Similarly, the lower limit is:
\[
  LL = \left( { - 2f(2 - \pi )\cos \left( {\dfrac{{2 - \pi - 2}}{2}} \right) + 4f'(2 - \pi )\sin \left( {\dfrac{{2 - \pi - 2}}{2}} \right) + 8f''(2 - \pi )\cos \left( {\dfrac{{2 - \pi - 2}}{2}} \right)} \right) \\
   = \left( { - 2f(2 - \pi )\cos \dfrac{\pi }{2} + 4f'(2 - \pi )\sin \left( {\dfrac{{ - \pi }}{2}} \right) + 8f''(2 - \pi )\cos \left( {\dfrac{{ - \pi }}{2}} \right)} \right) \\
   = - 4f'(2 - \pi ) \\
 \]
Hence, we can write
 $
  \int\limits_{2 - \pi }^{2 + \pi } {f(x) \cdot \sin \left( {\dfrac{{x - 2}}{2}} \right)dx} = UL - LL \\
   = 4f'(2 + \pi ) + 4f'(2 - \pi ) \\
  $

Substituting the value of f’(x)=ax+b in the above equation, we get
\[
  \int\limits_{2 - \pi }^{2 + \pi } {f(x) \cdot \sin \left( {\dfrac{{x - 2}}{2}} \right)dx} = 4f'(2 + \pi ) + 4f'(2 - \pi ) \\
   = 4\left[ {a(2 + \pi ) + b + \left( {a(2 - \pi ) + b} \right)} \right] \\
   = 4\left( {2a + a\pi + b + 2a - a\pi + b} \right) \\
   = 4\left( {4a + 2b} \right) \\
   = 8(2a + b) \\
 \]
Substituting the value of the x as 2 in the equation $ f'(x) = ax + b $ , we get
 $
  f'(x) = ax + b \\
  f'(2) = 2a + b \\
   = 1 \\
  $
So, the above equation can be written as:
\[
  \int\limits_{2 - \pi }^{2 + \pi } {f(x) \cdot \sin \left( {\dfrac{{x - 2}}{2}} \right)dx} = 8 \times 1 \\
   = 8 \\
 \]
Hence, the value of the definite integral $ \int\limits_{2 - \pi }^{2 + \pi } {f(x) \cdot \sin \left( {\dfrac{{x - 2}}{2}} \right)dx} $ is 8.

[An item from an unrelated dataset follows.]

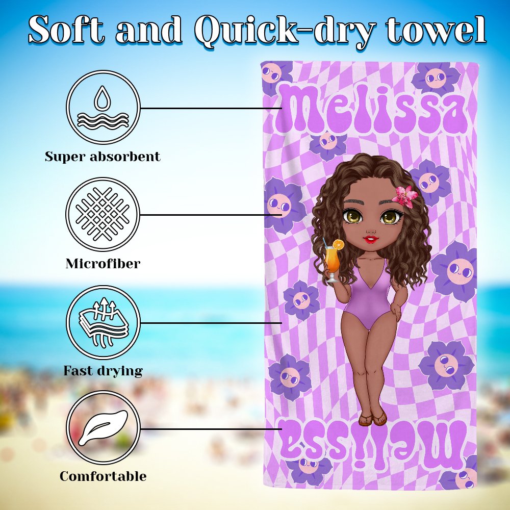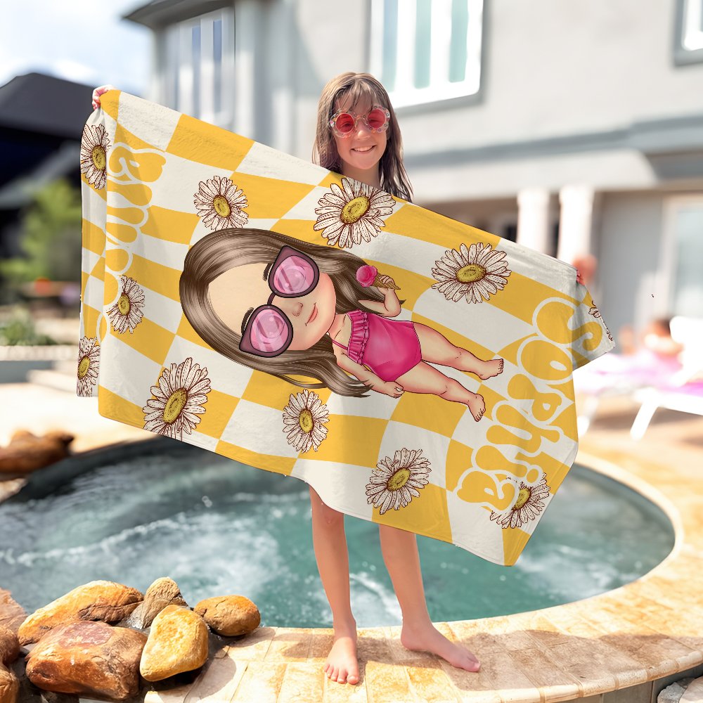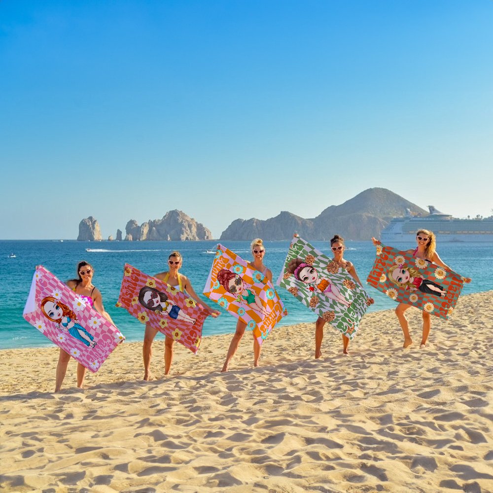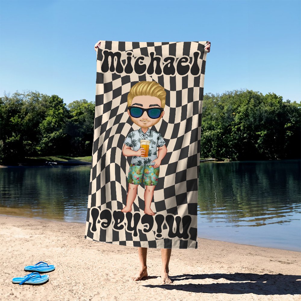 Denna överdimensionerade strandhandduk har ett lekfullt rutmönster med charmiga seriefigurer, vilket gör den till en härlig accessoar för strandfester och sommarsemestrar. Gör den personlig med ett namn för en unik touch som sticker ut.

Note: Students should be careful while considering the values of the first and the second function by following the ILATE rule which is expanded as Inverse, Logarithmic, Algebraic, Trigonometric and Exponential. The function which comes first in ILATE should be taken as the first function.